Using Enterprise Manager's automated provisioning tools, you can ensure standardization in your data center and also significantly reduce the time spent on these tasks. To consistently maintain standardization in the topology, it is recommended that the new instances be added through ÒcloningÓ rather than Òinstall and configureÓ.
Cloning ensures that the new instance is installed and configured exactly like other instances in the enterprise topology. Cloning is the process of copying an existing installation to a different location while preserving its configuration and deployments. Enterprise Manager's cloning wizard automates the duplication of application server installations; specifically, the directories where the Oracle homes reside. Its "multicasting" capability also helps you create multiple clones on multiple target hosts in a single operation.
Using a direct link to Oracle MetaLink, Enterprise Manager proactively and regularly retrieves the list of critical patches that have to be applied on Oracle Application Server installations. Enterprise Manager also analyzes the data center environment and notifies you of patches that are applicable to their application server instances. All other patches can also be manually found in the context of a specific target. You can also automate the application of patches using robust job system infrastructure. You can apply the patches instantly or schedule the application in the maintenance window while backing out Oracle Application Server instances in the maintenance window.

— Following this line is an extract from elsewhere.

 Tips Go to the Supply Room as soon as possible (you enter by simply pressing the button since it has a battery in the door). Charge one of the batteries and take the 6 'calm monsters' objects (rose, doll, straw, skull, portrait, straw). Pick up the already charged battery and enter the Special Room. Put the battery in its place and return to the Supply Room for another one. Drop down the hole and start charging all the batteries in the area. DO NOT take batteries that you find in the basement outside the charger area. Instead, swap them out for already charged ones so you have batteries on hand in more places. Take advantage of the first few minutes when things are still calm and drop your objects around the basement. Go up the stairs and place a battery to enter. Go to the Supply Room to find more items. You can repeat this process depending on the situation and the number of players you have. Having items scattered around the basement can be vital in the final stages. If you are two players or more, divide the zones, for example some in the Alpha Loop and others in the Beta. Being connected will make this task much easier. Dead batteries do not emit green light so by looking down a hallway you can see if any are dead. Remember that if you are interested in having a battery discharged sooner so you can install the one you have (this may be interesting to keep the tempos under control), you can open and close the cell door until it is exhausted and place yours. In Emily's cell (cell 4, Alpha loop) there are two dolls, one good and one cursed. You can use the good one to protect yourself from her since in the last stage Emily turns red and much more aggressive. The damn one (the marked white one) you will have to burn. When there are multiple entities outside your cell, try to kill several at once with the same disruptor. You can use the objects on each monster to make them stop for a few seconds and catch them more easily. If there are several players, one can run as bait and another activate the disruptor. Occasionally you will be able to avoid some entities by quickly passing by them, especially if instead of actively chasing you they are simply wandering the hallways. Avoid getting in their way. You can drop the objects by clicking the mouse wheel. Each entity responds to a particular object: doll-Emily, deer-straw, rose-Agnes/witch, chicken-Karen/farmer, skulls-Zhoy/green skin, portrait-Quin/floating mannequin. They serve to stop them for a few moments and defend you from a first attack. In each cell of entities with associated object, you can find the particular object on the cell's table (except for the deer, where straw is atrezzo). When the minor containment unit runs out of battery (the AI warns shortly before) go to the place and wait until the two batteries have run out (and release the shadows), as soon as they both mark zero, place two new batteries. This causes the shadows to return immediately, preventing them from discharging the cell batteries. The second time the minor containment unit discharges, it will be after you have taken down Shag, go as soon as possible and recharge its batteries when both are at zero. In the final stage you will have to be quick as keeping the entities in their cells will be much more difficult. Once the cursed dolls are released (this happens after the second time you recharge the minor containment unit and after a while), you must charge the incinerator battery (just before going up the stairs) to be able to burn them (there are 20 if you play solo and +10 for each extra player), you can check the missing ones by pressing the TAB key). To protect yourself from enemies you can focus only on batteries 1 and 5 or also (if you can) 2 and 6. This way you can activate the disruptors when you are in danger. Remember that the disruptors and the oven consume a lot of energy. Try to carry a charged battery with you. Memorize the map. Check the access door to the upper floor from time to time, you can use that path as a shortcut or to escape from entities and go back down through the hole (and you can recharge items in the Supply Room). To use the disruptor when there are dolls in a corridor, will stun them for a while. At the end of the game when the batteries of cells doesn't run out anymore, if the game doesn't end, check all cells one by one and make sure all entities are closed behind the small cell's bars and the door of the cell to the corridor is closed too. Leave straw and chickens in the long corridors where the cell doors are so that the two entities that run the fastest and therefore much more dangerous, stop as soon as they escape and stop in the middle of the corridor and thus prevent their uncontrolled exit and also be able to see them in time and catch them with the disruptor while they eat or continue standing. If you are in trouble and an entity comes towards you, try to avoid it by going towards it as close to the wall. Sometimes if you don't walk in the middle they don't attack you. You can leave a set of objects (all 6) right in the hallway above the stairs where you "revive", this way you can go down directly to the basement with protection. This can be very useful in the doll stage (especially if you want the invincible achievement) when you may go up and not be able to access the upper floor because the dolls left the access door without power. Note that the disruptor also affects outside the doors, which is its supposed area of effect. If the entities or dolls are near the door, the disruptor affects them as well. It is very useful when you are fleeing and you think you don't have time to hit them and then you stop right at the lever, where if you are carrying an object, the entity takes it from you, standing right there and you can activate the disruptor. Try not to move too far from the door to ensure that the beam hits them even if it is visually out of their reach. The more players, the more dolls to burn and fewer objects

Backup and recovery refers to the various strategies and procedures involved in guarding against hardware failures and data loss, and reconstructing data should there be a loss. A comprehensive backup strategy should involve a coordinated approach to backing up your entire application server environment, including the middle tiers and the Application Server Infrastructure Oracle homes.
Enterprise Manager helps you manage the backup and recovery of a single application server or a group of application servers.
Using Grid Control, you can:
Schedule backups.
Restore application server backups for recovery.
Display the status of backup jobs.
Display the status of recovery jobs.
Configure the required settings for backup.